Integer arithmetic. Calculations involving integers are faster than in floating-point. This is another advantage of quantizing tensors from 32-bit floating-point to smaller integers. Even 32-bit integers may have a lower compute, but don’t have any memory benefit from a smaller data type.
Bit Parallelism (Bit-Level Kernels). Integer operations can be considered as 32 or 64 bit operations in parallel. This idea is used in data structures such as bit vectors and Bloom filters, or AI kernels such as low-bit quantization. Using these in CUDA adds a second layer of concurrency beyond thread parallelism, thereby even further parallelizing the algorithm.
Instruction Latency.
Some hardware instructions are simply faster than others.
Different generations of GPUs have instructions with improved
speed, and additional machine-code instructions.
Knowing the exact speed of individual instructions
can be used to optimize by inserting inline PTX assembly
with the asm statement.
String Data Processing. The C and C++ style of null-terminated string data is not well suited to parallel processing, being somewhat linear in nature. In general, prefer string representations with a fixed size, or at least a “length” variable, rather than null-terminated storage where the length is not known. On the other hand, there are several CUDA C++ libraries for text processing on a GPU, such as RAPIDS, which are very fast.
Operator Strength Reduction
Individual operations in C++ can be optimized in several ways. The general term is “strength reduction” because a stronger operator with high computation complexity is “reduced” to an equivalent operator that is simpler and faster. Strength reduction is a technique used in automatic optimization by compilers, but can also be used by programmers to improve algorithms.
The main “strong” operations that we’re trying to avoid are:
- Floating-point arithmetic (even addition)
- Multiplication
- Division
- Remainder (
%operator) - Math functions (e.g.,
sqrtforexpf)
Some of the general approaches in regard to strength reduction include:
- Bitwise operations (e.g., bitshifts can replace multiplication)
- Multiplication is slower than addition.
- Avoid division and modulo/remainder operators (they’re the worst!)

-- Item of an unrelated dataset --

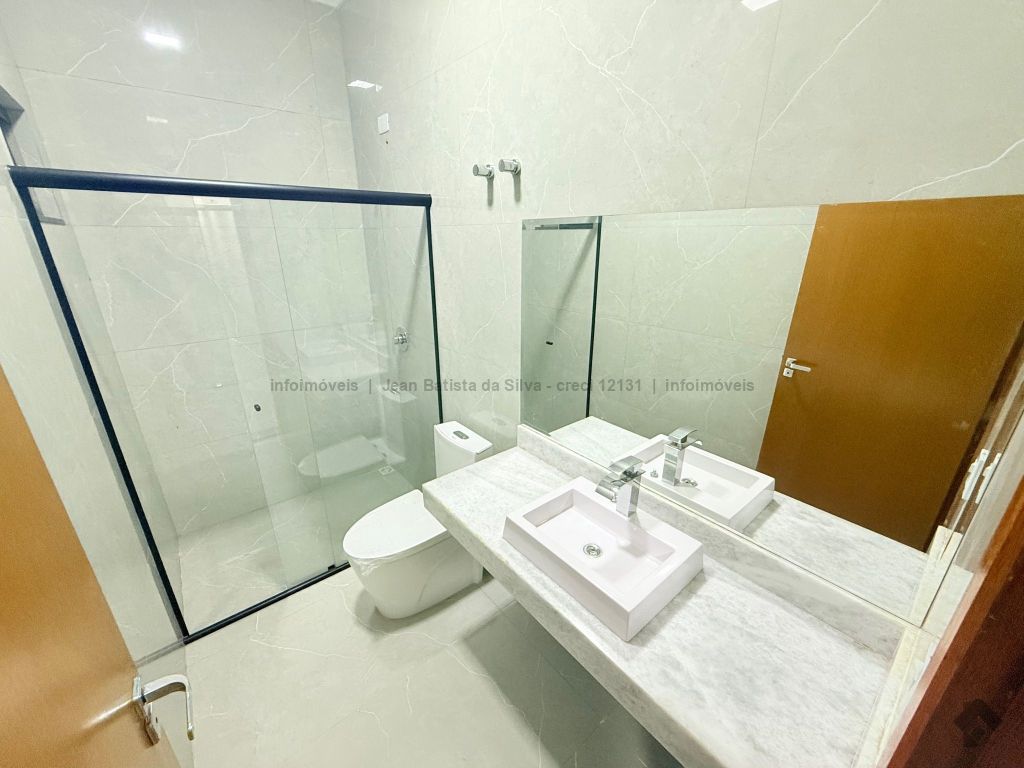 Maravilhosa casa. Esse imóvel possui 2 vagas de garagem cobertas, sala para dois ambientes e pé direito duplo, cozinha em L com bancada grande, tem preparação para aquecimento. São 3 quartos, sendo 1 suíte, com bancadas dos banheiros em mármore translúcido, 1 banheiro social, área gourmet integrada com cozinha, já coberta na parte do pergolado e área de serviço toda fechada.
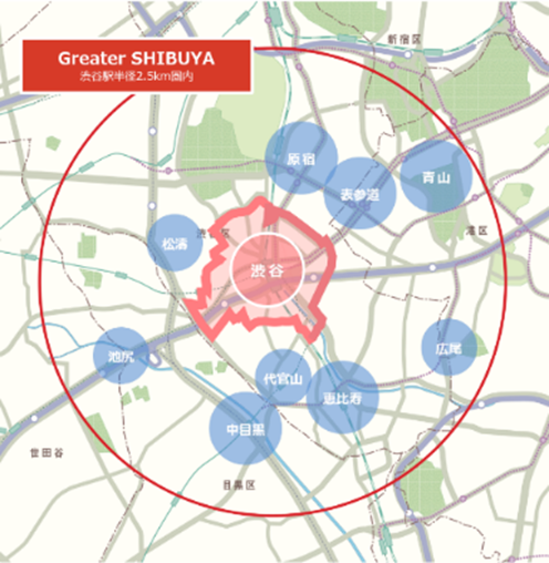 「広域渋谷圏(Greater SHIBUYA)」とは、東急グループの渋谷まちづくり戦略において定めた、渋谷駅半径2.5kmのエリアのことを指します。

- Use integer arithmetic rather than floating-point (where possible)
- Use
floatsingle-precision arithmetic, not double-precision. - Approximate arithmetic (e.g., for math functions)
Bitshift for multiplication: The canonical example that everybody knows is that shift operators can replace multiplications by a power of two. But it’s only for integers, not for floating-point numbers. Note that there’s a whole class of AI engines that rely on this integer multiply-vs-bitshift optimization called “logarithmic quantization” or “power-of-two quantization.” Here’s a dummy example of integer multiplication;
y = x * 4;
This can be more efficiently coded as a left bitshift:
y = x << 2;
Bug alert! If you’re making this code change, you’re likely to introduce some bugs.
The “<<” and “*” operators have different precedence levels, so make sure you add more parentheses.
Also, consider whether you need to use “unsigned” type when switching to a bitwise operator.
Right shift for division: The use of bitshifting works for division, too (but only for unsigned):
y = x / 4;
y = x >> 2u; // faster
Avoiding multiplication: There are some simple cases even with the most basic operators that have multiple options:
y = x * 2;
y = x + x; // Addition
y = x << 1; // Shift
Avoid % Remainder Operations
The arithmetic modulus operator (remainder) can also be optimized for power-of-two operands using bitwise arithmetic (but only on integers):
y = x % 512; // Remainder (mod)
y = x & 511u; // Bitwise-AND
And here’s another one with integer relative comparisons versus bitwise-and, although this one might not necessarily be faster:
if (x >= 512) if (x & ~511u) // Bitwise-AND of the complement (unsigned)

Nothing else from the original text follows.